Opposition politics must end as soon as the referendum is over.

The European-style hemicycle in which the Scottish Parliamentary chamber is arranged was meant to steer us in the direction of doing politics as it should be done… our best, elected minds working wi each other to make sure the country is governed well.

Our voting system makes it incredibly difficult to get a clear majority of one party across the chamber, meaning most decision making is done by vote and consent of members right across the board.

The old-fashioned set-up of two groups, with broadly similar views, shouting at each other like you have in Westminster just isny productive. There is no debate to be had there. Both ends disagree on absolutely everything, so the debate becomes a dire game of argument tennis.

You’re no watching Murray v Nadal, on the edge of yer seat not knowing what will happen next… As soon as you know the topic and how one side plans to start the discussion, you could near enough right the script with the sorta hing that’ll be replied wi.

So, the role of half the folk in the Parliament isny to work with and discuss how they’re gonnae go about sorting problems, they basically play the role journalists are meant to do in a democracy. They’re a watchdog. But not only do they find flaws in what the government is doing, they argue that everyone is totally useless in every capacity. There isny a good word to be said. Every action the government does is utter nonsense and would’ve been done a better way had they been in.

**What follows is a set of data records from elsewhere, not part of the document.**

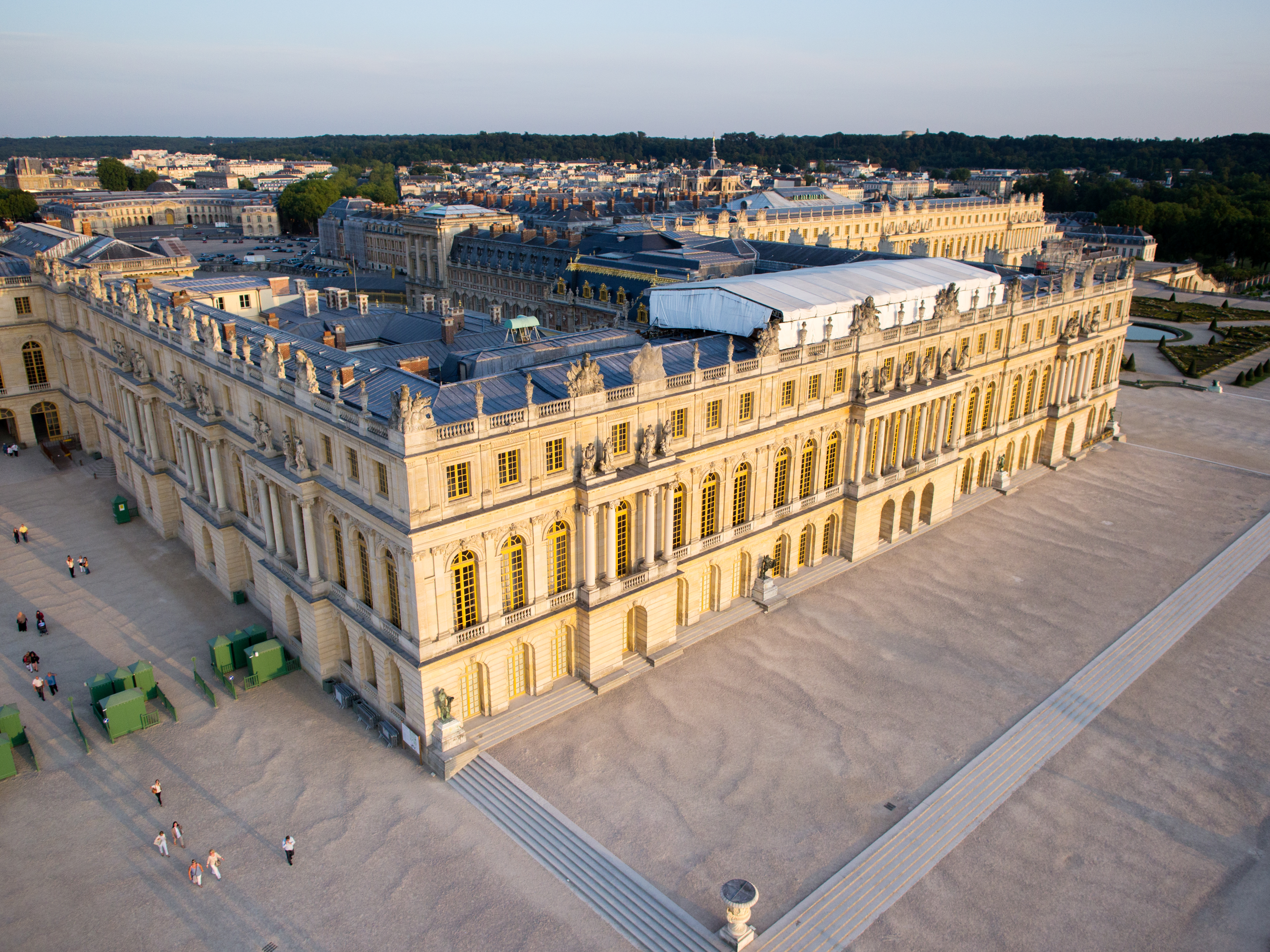 Aerial view of the central part of the Palace of Versailles, France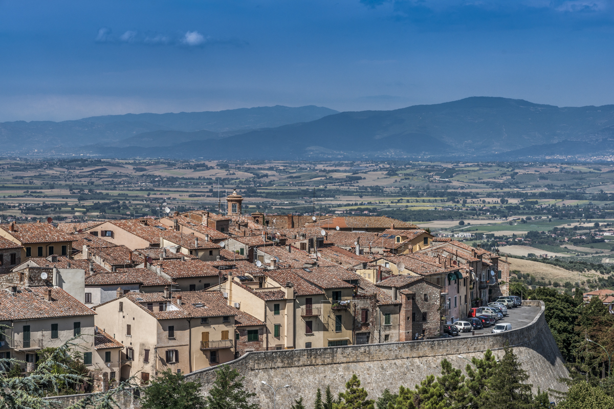 Montepulciano, Tuscany, Italy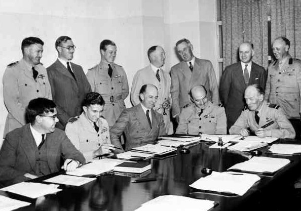 Royal Australian Air Force. Flying Personnel Medical Research Committee. Shows men seated at table, from left: Professor A. D. Wright (University of Melbourne), Group Captain G. Jones (Director of Training, R.A.A.F.), Sir David Rivett (Chairman of Commonwealth Bureau for Scientific and Industrial Research), Air Commodore Victor Hurley (Director of Medical Services, R.A.A.F.), Air Chief Marshal Sir Charles Burnett (Chief of Air Staff, R.A.A.F.); back row, standing, from left: Group Captain E. C. Wackett (Director of Technical Services, R.A.A.F.), Professor A. V. Stephens (University of Sydney), Squadron Leader J. G. Brown (second representative of R.A.A.F. Medical Directorate), Doctor S. V. Sewell (President, Royal Australasian College of Physicians), Doctor J. H. L. Cumpston (Commonwealth Director-General of Public Healtah and chairman of National Medical Research Council), Professor Harold R. Dew (University of Sydney) and Doctor C. H. Kellaway (Director of Walter and Eliza Institute of Research)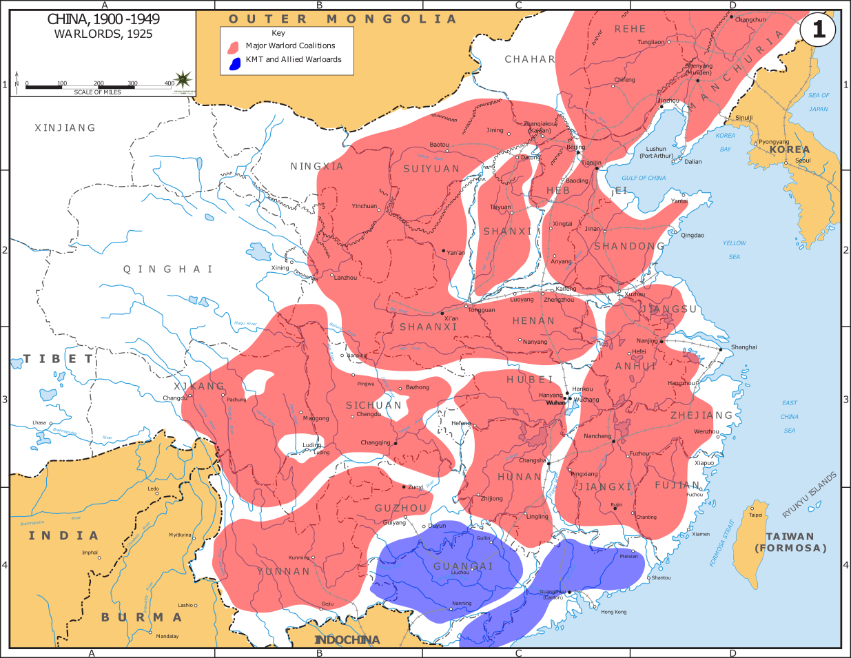 Major Chinese warlord coalitions (1925)

Then the government respond wi a list of statistics that directly contradicts everything the opposition’s just said. So fast, you forget what they’re even talking about by the time they’re done. Once that’s finished, they steam in wi their own patter and slag the opposition. So much so it gets personal at times, like when the PM slagged Ian Blackford for eating aw the pies at Christmas time.

This isny a shaudy deal for politicians anaw by way. The arguments they have under this setup is endless. They’ll still get paid at the end of the month and they willny be short of work.

Naw naw, the losers in this set-up are us lot. You and I. The people looking towards Parliament to have a grown-up conversation about how my bills are gonnae get paid… cos I’ve just got a letter fae Scottish Gas saying they’re stinging me for an extra turn each month. How on earth is that gonna be sorted wi this ding dong dafty pantomime.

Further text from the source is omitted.